I had only a few cucumbers and just pickled them but I have lots of extra liquid. How do I save it for cukes later?

Thanks


Other than refrigeration that is. The only cukes in the garden are less than 2 inches, and there are only about 5.


----------



## MontanaKJ (Aug 10, 2009)

If you have the space, freeze it into ice cubes. Pull them out when you are ready to can your next batch.


----------



## LonelyNorthwind (Mar 6, 2010)

I just pour it in a jar and stick it in the frige 'til I need it.


----------



## kenworth (Feb 12, 2011)

LOL I had the same issue when I canned plums last week. I over estimated my swet water. I had stored it in the fridge, the used it this week to cook sweet corn. 

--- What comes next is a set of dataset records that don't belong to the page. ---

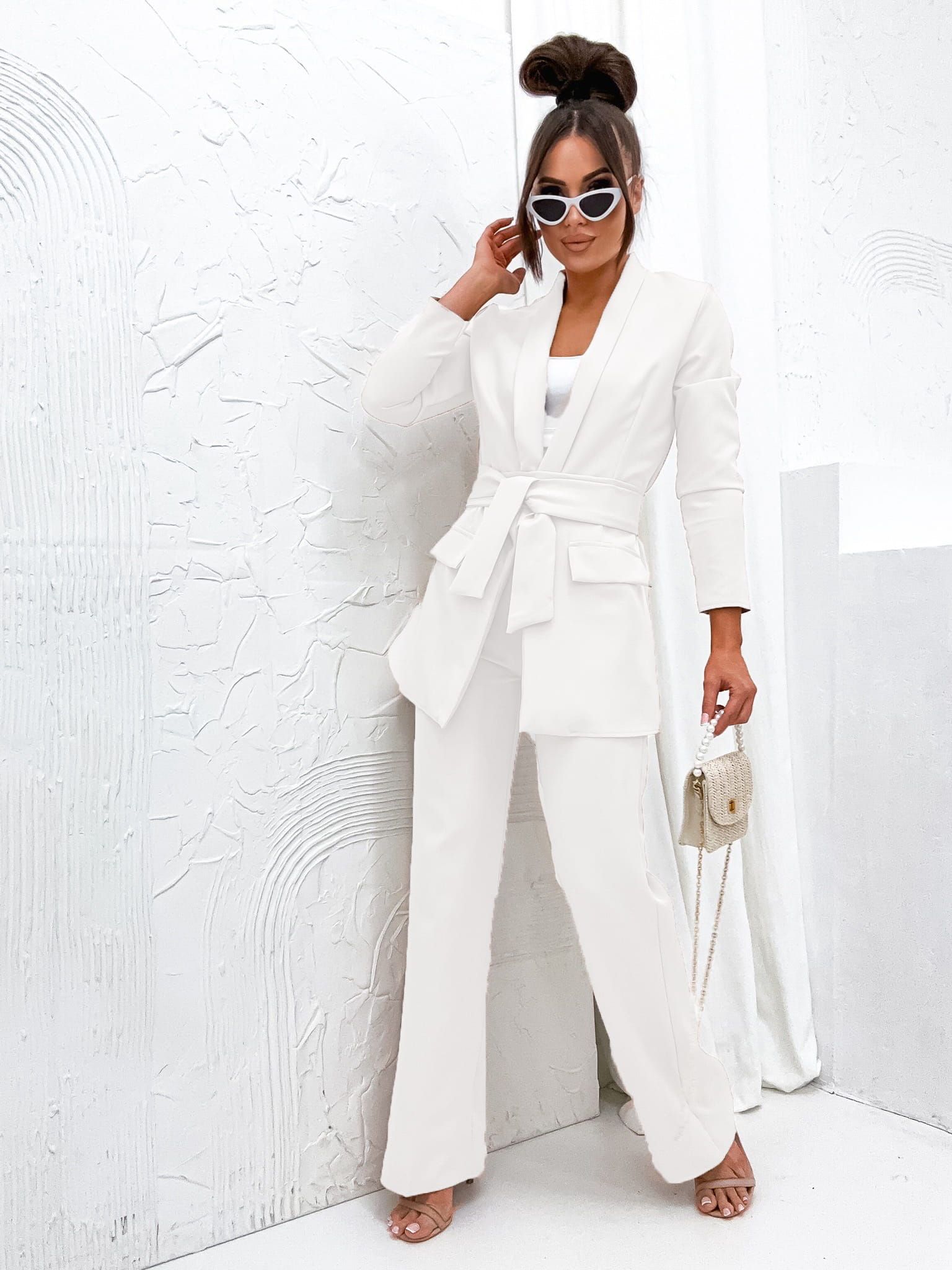 Biały garnitur komplet damski szerokie spodnie i długa marynarka Moon
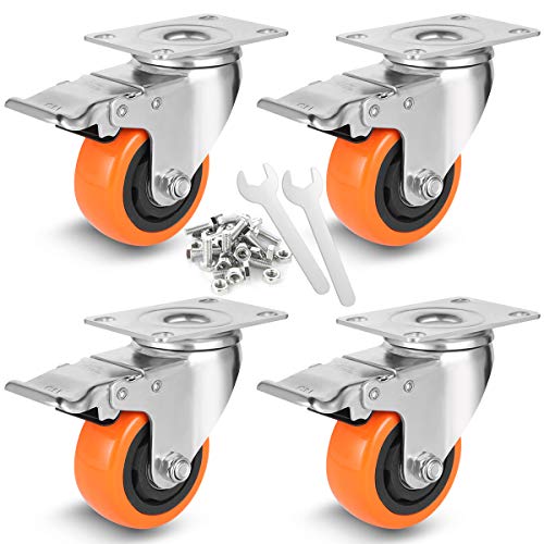 W B D WEIBIDA 5-tums tunga hjul med sidobroms, industriella plåthjul med lastkapacitet 1000 lb per enhet, slitstarka polyuretanhjul för arbetsbänk, verktygslåda och industri, uppsättning om 2
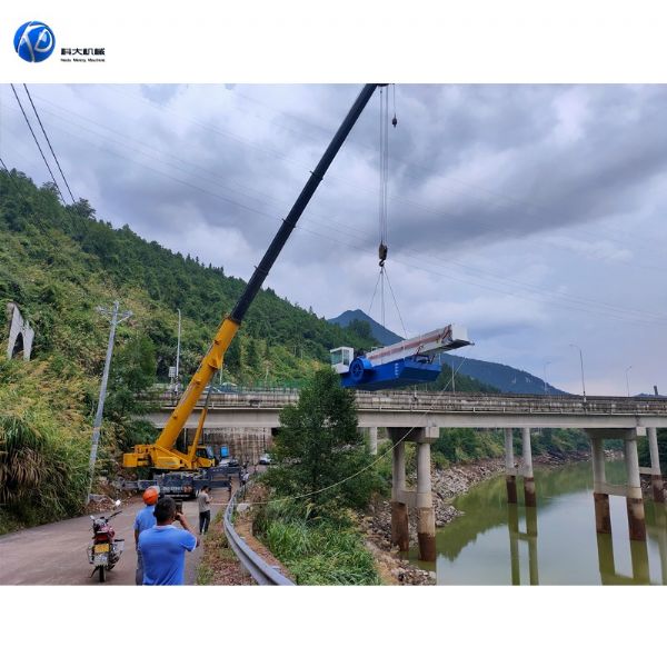 大型全自動垃圾打撈船在湖南順利下水 該船用于收割打撈水面垃圾、樹枝、塑料瓶、水草等水面漂浮物
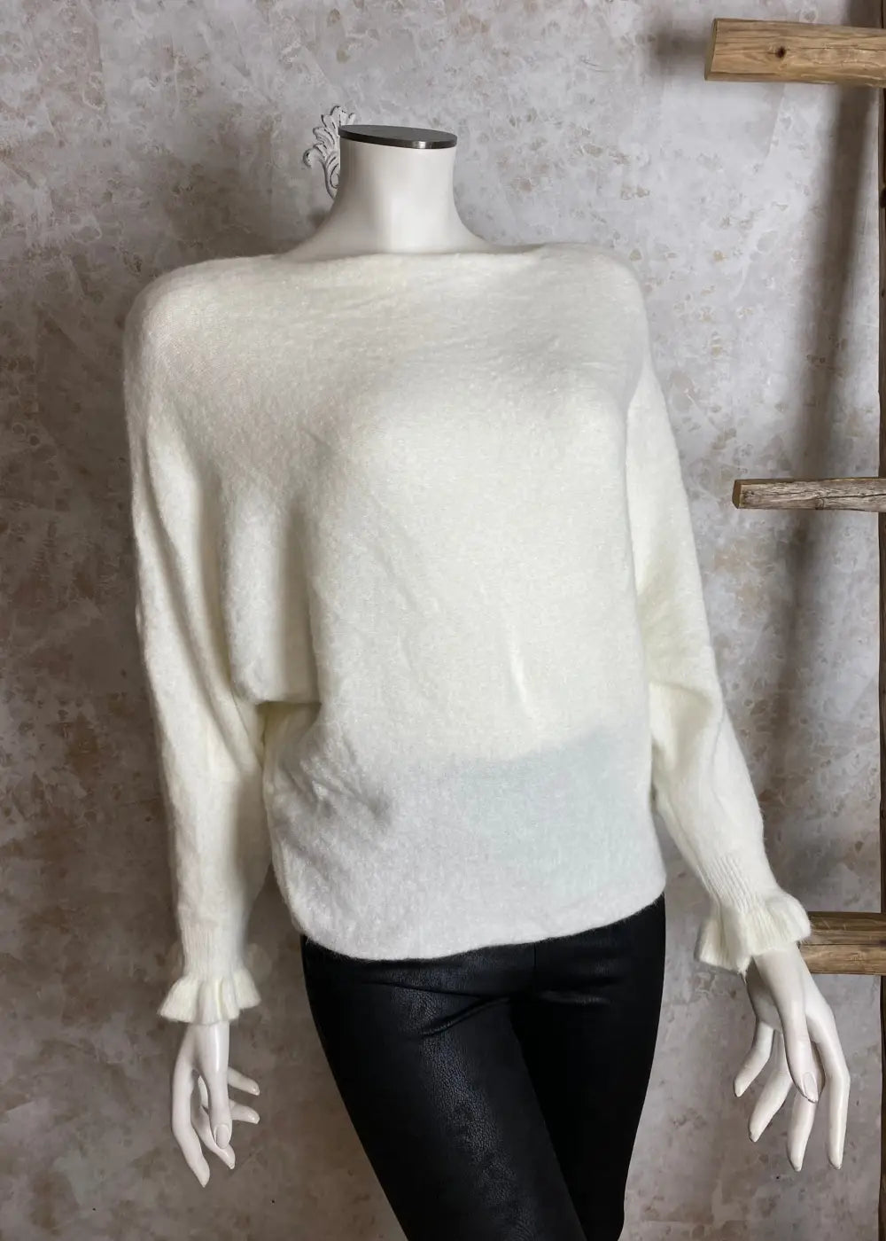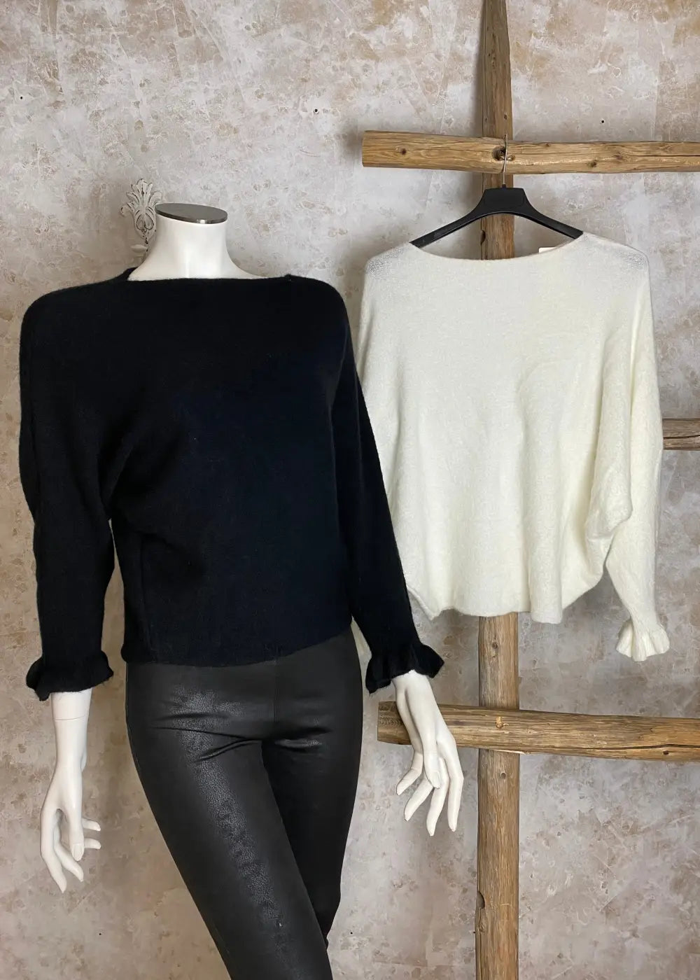 - Täyspitkät lepakkohihat, joiden suissa sievät frillat tuovat naisellista ilmettä
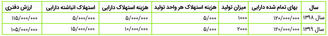 1- محاسبه استهلاک دارایی به روش خط مستقیم
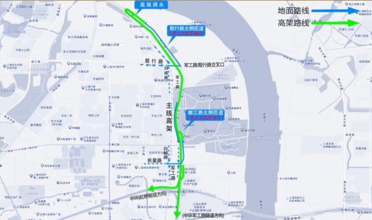 2. 施工期间,临时开放军工路高架部分主线道路作为上中环保通线路,该地区三处匝道可上高架通往中环。

I keep pickle water a while, but usually only a couple of weeks. If there isn't anything to preserve by that time, I dump it for the fridge space.


----------



## jwal10 (Jun 5, 2010)

kenworth said:


> If there isn't anything to preserve by that time, I dump it for the fridge space.


Pickle a dozen hard boiled eggs or other vegy's....James


----------



## wmsff (Jun 10, 2010)

Thanks, I still don't have enough cukes for a pint, but I do have extra eggs! I think I'll try that


----------